Dear All -
The key idea here, which is a good one, is subgroupings of the
information in the header: 1) station information; 2) event
information; 3) data characteristics. A fourth item, not well-served
by the present SAC file structure, is more complete response
information.
Whether you express header information by <stel>500</stel> or <h
name="stel">500</h> is a stylistic choice. The DTD description is more
concise in the latter case.
On 31 Jan 2008, at 09:34, James Wookey wrote:
george<at>geology.bristol.ac.uk
The key idea here, which is a good one, is subgroupings of the
information in the header: 1) station information; 2) event
information; 3) data characteristics.
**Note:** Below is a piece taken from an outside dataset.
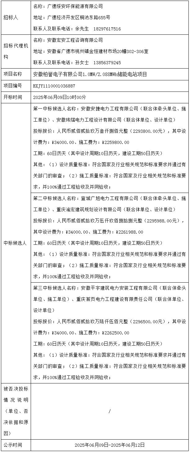 6月9日,安徽柏誉电子有限公司1.0MW/2.088MWh储能电站项目中标候选人公示。
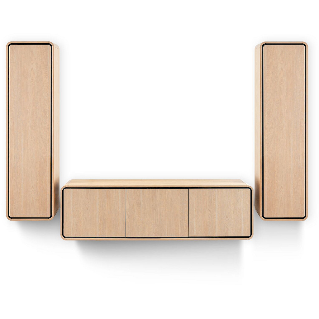 Wandkast Lagoria is onderdeel van een woonprogramma en heeft een strakke en moderne uitstraling. Deze wandkast bestaat uit 1x hangend TV-meubel met 3 deuren en 2x hangende opbergkast met 1 deur. De prachtige afgeronde vormgeving en het subtiele zwarte randje rondom de deurtjes springen direct in het oog. Dankzij de Melamine afwerking in Brushed sand oak nature heeft Lagoria de uitstraling van echt hout, maar is zeer kras-, slijt- en stootvast en makkelijk in onderhoud.

A fourth item, not well-served
by the present SAC file structure, is more complete response
information.
Whether you express header information by <stel>500</stel> or <h
name="stel">500</h> is a stylistic choice. The DTD description is more
concise in the latter case.
On 31 Jan 2008, at 09:34, James Wookey wrote:
Hi Rob, George;George Helffrich
I can see the point that the data format currently proposed is a terse
one, basically a minimalist description of a set of SAC traces. This
does have some significant advantages: it is efficient in file size,
and it provides a direct connection to the header variables which,
after all, SAC users (as well as programmers) still have to refer to
by their short name. I don't think we should go the KML route, which
as George says, makes my eyes water with all the detail that is
required. As a 'consultation' format for SACML it is well designed, as
it is simple to understand and is conceptually very close to the
binary SAC format, and George has done sterling work implementing it.
However, in the longer term, I can also see the value in a limited
expansion of the structure of SACML, if it is going to represent a
large step forward in the SAC file format. If we are going to pay the
price of adopting a verbose format like XML (and I think we should) we
might as well try to reap some of the rewards, and also build enough
flexibility into the format to allow incorporation of future things
(even if they are currently ignored by the current input routines -
the ability to do that is one of the advantages of XML). It seems to
me that one thing worth considering is structuring the header. So one
possible format might look like:
<sacdataset>
<trace>
<header>
<station>
<kstnm>TEST</kstnm>
<stla>40</stla>
...
</station>
<event>
<evla>-20</evla>
...
</event>
<trace_info>
<delta>0.05</delta>
...
</trace_info>
</header>
<data>
...
</data>
</trace>
</sacdataset>
This has the advantage of still being easy to 'one-sweep' read with
event-driven parsers like SAX (because you simply ignore the container
elements), plus providing a more object-oriented format for use with
parsers like DOM or xpath. We might also want to include/allow a
subgrouping of traces within the file: a <tracegroup> container
element for example.
Cheers,
James
On 31 Jan 2008, at 08:38, George Helffrich wrote:
Dear Rob -
The XML DTD is versioned, and one could imagine defining a new DTD
with alternative element groupings that would reflect the data
structure. One can obsess in describing data details, and one view
won't necessarily coincide with another person or community's view.
Google Earth's KML comes to mind -- unbelievably baroque for putting
points on a map for a seismologist, but probably glibly expressive
for GISers.
Another view to take of the data is programming semantics, however.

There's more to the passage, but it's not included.